In major league baseball, it’s not uncommon to see a team, saddled with a regretful contract, trade an established player for next to nothing, trying to get dead money off its books and onto someone else’s. Addition through subtraction, as it were.
In recent years, it’s not just baseball doing something like that.
This past February, when Amazon announced a series of layoffs, The Atlantic used the occasion to revisit the company’s policy, first announced in 2014, to offer up to $5,000 to unhappy, disengaged warehouse and customer service employees to…get out. Don’t really want to be here anymore? Suit yourself, says Amazon. Here’s a nice chunk of change to speed your departure, and no need to darken our door again.
This policy was instituted several years after Zappos’ (now owned by Amazon) widely publicized similar offer for new hires. A later arrangement, in which Zappos employees had to decide whether to stay on under a new management system, saw a hefty 18 percent of the workforce take the money and run.
Overall, for companies employing this unorthodox method of enhancing employee engagement, the idea seems to be regarded as a counterintuitive but quite shrewd maneuver (such as here, here and here). At least on the face of it, there do seem to be plausibly good effects:
- Corrects misguided hires sooner, rather than later
- Limits the cancerous effects of dissatisfied, unproductive morale-killers
- Recommits employees who stay, since they’ll feel an obligation to double down after passing on the money
- Demonstrates the company is serious about maintaining its culture (although in Amazon’s notorious case, it’s not clear why anyone would want to)
Well…not sure about all that.
Seems to us like this is some special pleading, telling only one side of the story. Seems that such a policy—even if comparatively few employees ever take them up on it—raises more questions than it answers. For starters:
- Doesn’t this qualify as “too clever by half”?
- Whose fault is it the employees are unhappy or disengaged?

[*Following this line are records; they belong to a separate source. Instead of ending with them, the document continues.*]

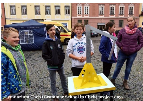
Gymnázium Cheb (Grammar School in Cheb) project days

s národními parky a chráněnými krajinnými oblastmi či zoologickými zahradami, pořádají akce ke Dni Země), (3) občanská společnost (komunitní dny, model OSN, žákovské a studentské parlamenty, školy se zapojují do projektů Příběhy bezpráví, Dialog přes hranici, Jeden svět na školách aj.), (4) jazyk a literatura, jazykové vzdělávání (školy organizují jazykové pobyty a zapojují se do projektů Noc a Andersenem, Evropský den jazyků aj.), (5) charitativní projekty (školy organizují rozličné sbírky a zapojují se do projektů Adopce na dálku, Bílá pastelka, Světlo pro světlušku, spolupracují také se zdravotnickými zařízeními), (6) věda (školy se účastní projektu Týden vědy pořádaném Akademií věd ČR a dalších projektů v této oblasti), (7) kultura a umění (na školách existují umělecké kroužky a dílny, školy se zapojují do projektů Dny evropského dědictví, Týden uměleckého vzdělávání a amatérské tvorby aj.), (8) ekonomie a finanční vzdělávání (školy vyučují finanční gramotnost, účastní se projektů zakládání fiktivních firem apod.), (9) sport (na školách existují sportovní kroužky, školy se zapojují do celé řady sportovních akcí).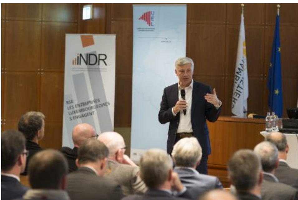
Invité de l'honneur, Claude Wiseler

Depuis quelques années, l'UEL questionne le modèle de croissance luxembourgeois et son lien avec les finances publiques et le financement des retraites. Afin de débattre de cette thématique primordiale pour le développement à moyen terme des entreprises, l'UEL a invité les représentants des Assemblées plénières et Conseils d'administration des Chambres et Fédérations patronales du Luxembourg ainsi que des chefs d'entreprise à une conférence qui a eu lieu le 23 octobre à la Chambre des Métiers.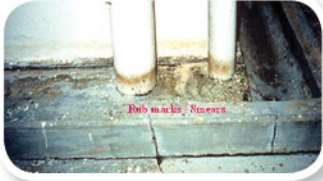
擦痕 எலி எச்சங்கள்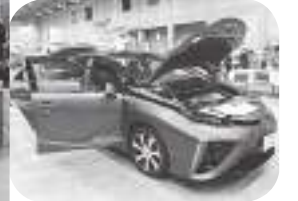
ガス展に登場した燃料電池自動車（ミライ）

- Given the painful costs of turnover, why go out of your way to add to them?
- Are you sure only truly disengaged employees will leave?
- Why pay them to do what they’ll inevitably do for free anyway?
- Wouldn’t this money be better spent giving employees reasons to stay?
And maybe the most reflexive one: You can’t think of any better options than this? (Bribing might be one; you decide.)
Say it’s time to paint the exterior of your two-story house, which happens to feature more than its share of windows. Unless you’re a professional painter, coating hundreds of those little sashes will be tough, intricate work, and who has time for all that? What the heck: Maybe just slap the paint right on there, and then come back tomorrow with a razor blade and easily scrape it off the glass.
When you think about it, that’s actually a pretty clever idea. If you don’t know how to paint windows.
So, call us old-fashioned, but wouldn’t it be wiser to work towards having fewer disengaged employees in the first place? To create a workplace where the thought of paying people to leave would never occur to anyone? To at least attempt re-engaging those who have lost the spark?
As a company committed to making the world a better place to work, naturally we have a few ideas on that. Our first recommendation would be making a stronger point of hiring engaged, committed employees to begin with, and then surrounding them with an environment they’ll never want to leave.
Paying people to self-select will bring articles in the business press about your progressive ideas, but it may say more about your culture than you really intend. If you were a restauranteur confronted with a patron not all that excited about their meal, would you offer them $100 to go away and never come back?
Of course not. Are your employees not at least as important to you as your customers?